Habere göre, devlet ihalelerinde Çin yatırımları, Yabancı Yatırım İnceleme Komitesi tarafından değerlendirmeye tabi tutuluyor ve komitenin son yıllarda “Çin şirketlerinin bazı yatırımlarını engellediği” aktarılıyor. Ancak Çinli şirketlerin, Dalia gibi özel şirketlerle “doğrudan anlaşmalar imzalayarak stratejik tesislere dolaylı giriş yolu bulduğu” ifade edildi.

China Harbor isimli şirketin, daha önce Hayfa’daki rafineri limanı ihalesinden “ulusal güvenlik gerekçesiyle çıkarıldığı” belirtildi. Şirketin buna karşı yargıya başvurduğu, ancak Tel Aviv Bölge Mahkemesi’ndeki hâkimin “şikâyeti reddetmeye hazırlandığını” ifade etmesi üzerine şirketin başvuruyu geri çektiği aktarıldı.

Enerji sektöründe daha önceki çin katılımları

Haberde, China Harbor’ın enerji alanındaki ilk girişiminin bu olmadığı, daha önce Kesem enerji santralinin inşasında da yer aldığı hatırlatıldı. O dönemde, Ulusal Güvenlik Konseyi’nin projede bir sorun görmediği, ilgili kamu kurumunun, “yabancı şirketin santrali kurup işletmediğini, yalnızca yüklenici olarak sınırlı kapsamda çalıştığını” belirttiği ifade edildi.

Çin’in desteğiyle tamamlanan diğer stratejik altyapılar arasında, Şubat 2025’te faaliyete geçen, “2 milyar şekellik Kochav Hayarden pompalı depolama santrali” de yer alıyor. Bu projenin yüklenicisi ve inşaat firmasının PowerChina olduğu aktarıldı. Ayrıca PMEC’in, Mivtach Şamir ve Rapac ile birlikte Alon Tavor enerji santralinde “yüzde 33,3 paya sahip olduğu” belirtildi.

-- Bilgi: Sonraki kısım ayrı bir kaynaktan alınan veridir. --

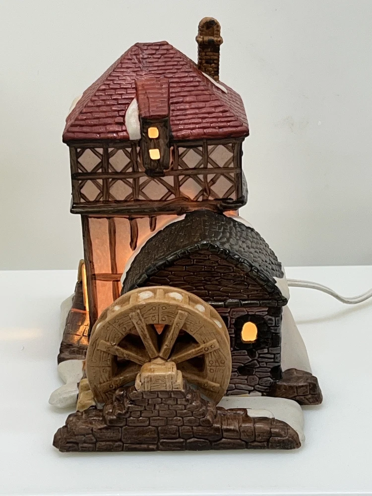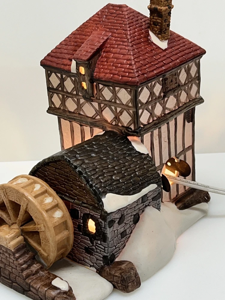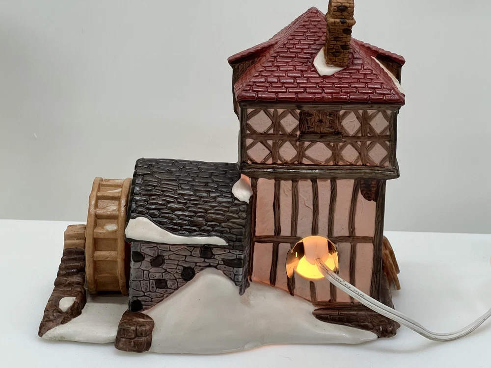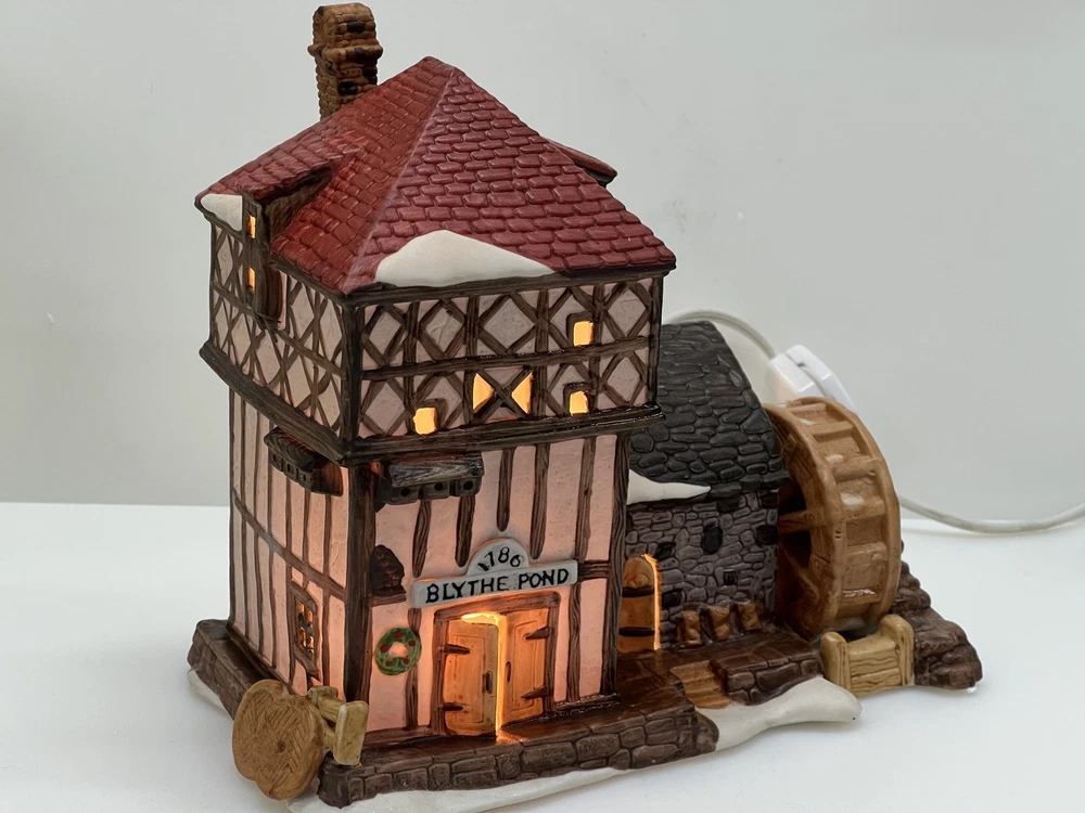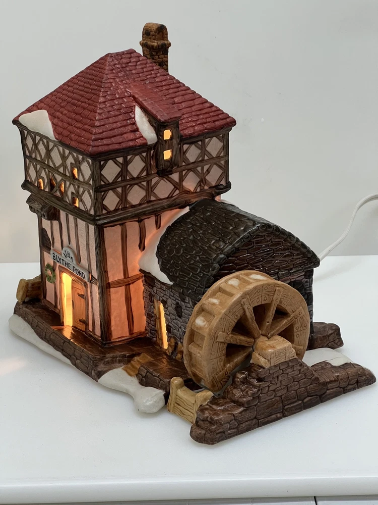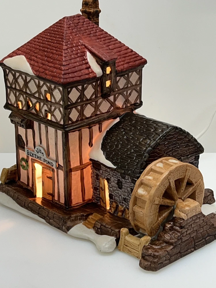 Dept 56 "Blythe Pond Mill House" from the Heritage Village Collection is a medium-sized Victorian style Christmas village house. It features an asymmetrical shape with a whimsical design, illuminated with a 3D effect. This limited edition, retired piece is hand-painted porcelain, suitable for indoor display in any room. Part of the Dickens Village theme, it depicts a water mill with a multicolor painted finish, measuring 8 inches in height, 8 inches in length, and 6 inches in width. 1986 !!! Absolutely perfect condition with all original packaging including cord & light

“Küresel Çin tehdidi değerlendirmeleriyle çelişen bir durum”

Globes’un aktardığına göre, tüm bu gelişmeler, “Çin tehdidinin dikkate alındığı küresel eğilimle çelişiyor.”

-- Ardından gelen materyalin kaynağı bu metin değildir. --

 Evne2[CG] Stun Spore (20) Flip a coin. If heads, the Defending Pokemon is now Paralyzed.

Yaklaşık bir ay önce ABD’de yayınlanan CBS “60 Minutes” programında, ABD Siber Komutanlığı eski başkanı ve Ulusal Güvenlik Ajansı’nın eski direktörü Orgeneral Tim Haugh’un, Çin’in “sadece ABD ordusunu ve sanayisini değil, Amerikalıları kendi evlerinde de hedef aldığı” yönündeki uyarısı hatırlatıldı. Haugh, “Çin devlet şirketlerinin ABD’de enerji santrallerinden su arıtma tesislerine, hastanelerden medya kuruluşlarına kadar çeşitli altyapılarda bulunduğunu” ifade etti.

İsrail Enerji Bakanlığı’nın yanıtı

Enerji ve Altyapı Bakanı Eli Cohen’in geçtiğimiz hafta, Çin’le ilgili bir soru önergesine yanıt verdiği aktarıldı. Cohen, “İsrail’in rekabeti önceleyen serbest piyasa ekonomisi olduğunu ve altyapı tesislerinin inşasında tüm taraflarla çalıştıklarını” belirtti. Bakanın yanıtında “Çin” kelimesinin geçmediği kaydedildi.

Cohen ayrıca, “spesifik bir ülke belirtmeden, Ulusal Güvenlik Konseyi bünyesinde yabancı yatırımları inceleyen bir birim bulunduğunu, güvenlik açısından risk görülen durumlarda projelerin bu birime yönlendirildiğini” ifade etti.

Bakan, “enerji santrallerinin stratejik öneme sahip olduğunu ve bu nedenle tüm taleplerin konseye iletilerek incelendiğini; geçmişte bazı şirket ve proje başvurularının bu çerçevede durdurulduğunu” belirtti.